The values we get need to be put into context with the values we are trying to predict. If we try to predict prices and we are off by 4 euros, this error result can be good if we are supposed to predict high price with high variance min-max (700 euros mean) or terrible if we want to predict low price (1 euro mean).

### Mean absolute error

The mean absolute error uses the same scale as the data being measured so we can't use it for comparisons between series using different scales.

Commonly used for forecast error in time series analysis

**does not punish large errors**

### Mean squared error

average of the squares of the errors (average squared difference between the estimated values and the actual values). 

This value is always non negative and the closer we are to 0, the better.

**punish large errors**

### Root Mean square error

The smaller the value of the RMSE, the better the predictive accuracy of the model.

## Analysis on the scores

sklearn.metrics.explained_variance_score gives us information on our predictions against ground truth to try to figure out how we can improve.

Best possible score is 1.0, less is worse.

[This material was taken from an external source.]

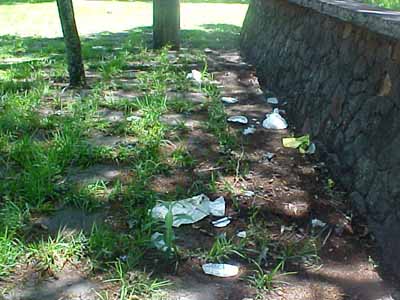 Responda rápido: qual foi a última vez que alguém deu uma limpada na praça Caetano Munhoz da Rocha, a popular “praça do Fórum”? Faz tempo, hein. Aquilo tá que é uma sujeira só. São copos plásticos, embalagens de refrigerantes, papéis, plásticos, sobras de marmitex, folhas e galhos de árvores, enfim, tem de tudo para afastar o público de lá. Mas não é só limpeza que falta, não. A grama não sabe o que é um corte há muito tempo e hoje toma conta das calçadas. Ela cresceu sobre as calçadas e não dá mais para saber onde é passagem de pedestre e onde é jardim. Ah, quem conseguir desviar do lixo já poderá se dar por satisfeito...

To also try to make sense of our results, we can plot y_test against y_test in a scatter plot that gives us the best possible predictions as a line and y_test against predictions in the scatter plots to see the difference. We could see info such as outliers that could give us problems.

## Underfit / overfit

* overfit: learned the noise from the train data and not the general pattern => too many features, need more regularization, ... (high variance)
* underfit: doesn't learn anything from the data => model not complex enough, not enough data, ... (high bias)